During the interviews, it was found that most students join peer-groups through ignorance, these students indulge in so many bad things such as drinking beer, smoking and have sex with different men. It was also discovered that students engage in all these things in order to find money to buy different things they admire from friends. Hence, the results are that most of them do not do well in their academic studies. So through peer-pressure, activities such as alcohol abuse, drug abuse, and many others affected students’ academic performance.
Having low self-esteem can make students be in the position of being inclined to peer pressure. Self-esteem is appraisal of self-confidence and those without confidence have the habit of giving in to pressure of their fellow peers. So students with low self-esteem tend to concentration more on negative aspects like engaging in excessive beer drinking as matched to the positive qualities of their personalities. Peers affect the choices of political party to identify with, the candidate to support and whether to turn out to vote. At the University of Zambia, political affiliation triggers peer pressure among students. Since a peer group is a social and primary group of people with similar interest, age, educational background and social status they can also be very different with people from different social and economic backgrounds. This research has proven that for a person to fit in a given group they have to imitate the belief system of the group, for instance be of the same income bracket.

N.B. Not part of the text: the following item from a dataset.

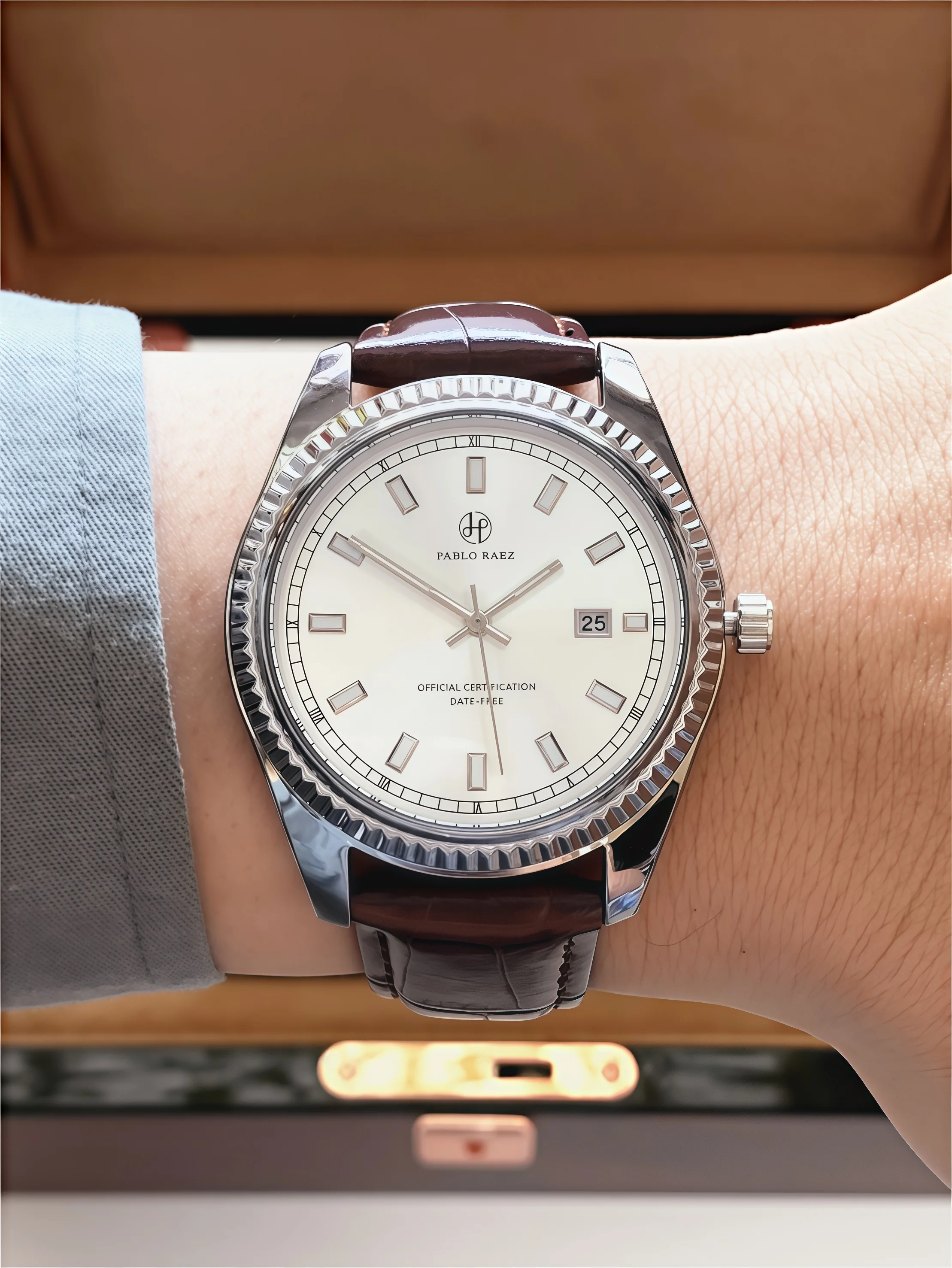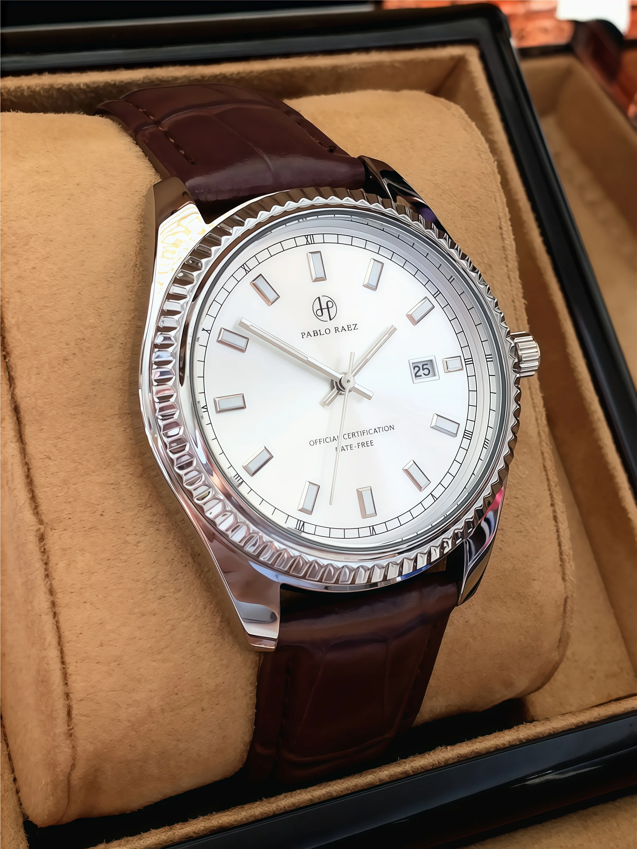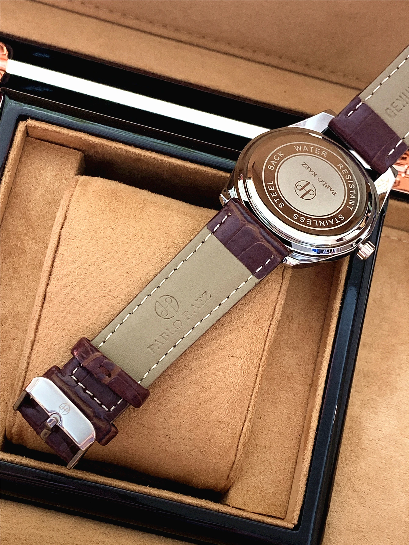 Enjoy comfort and durability with the leather band, crafted for both style and longevity.

Students tend to join groups because of the belief and love for a certain political group.
Related interests and beliefs bring students together in a group may be because they can apprehend one another better than when they share altered interests and beliefs. This makes them stay and do activities together with or without many problems or fights. This symbolized a good number of the participants and this shows how essential interests and beliefs play a fundamental role for the students in this case to come together. But most of participants that were interviewed showed that these groups affect students in a negative way.
However, it was found that lifestyle is a necessity for one to fit a group. This is vital because it makes it easier for the group to understand and to get along well with each other. This is where the members of the group are subjected to staying together because maybe the clothes they wear and the food they eat is seen to be classic. Moreover, this can somehow be a problem if one does not share the groups’ lifestyle. For instance they look for clothes thought to be complying with the groups’ lifestyle which in turn drain them economically. According to the answers given by participants in an interview, it was noticed that lifestyle is another factor that trigger peer pressure.
In additional, under factors that trigger peer pressure, it was found that besides life style, need to belong and poverty, participants pointed to sexual desires, stress, ignorance, anxiety, protection, globalization, technology, not being assertive, lack of proper guidance, broken homes as other factors that cause peer pressure among students at the University of Zambia. However, it has been found that despite of two factors that trigger peer pressure reviewed in the literature, they are actually a number of other factors that trigger peer pressure among students at the University of Zambia.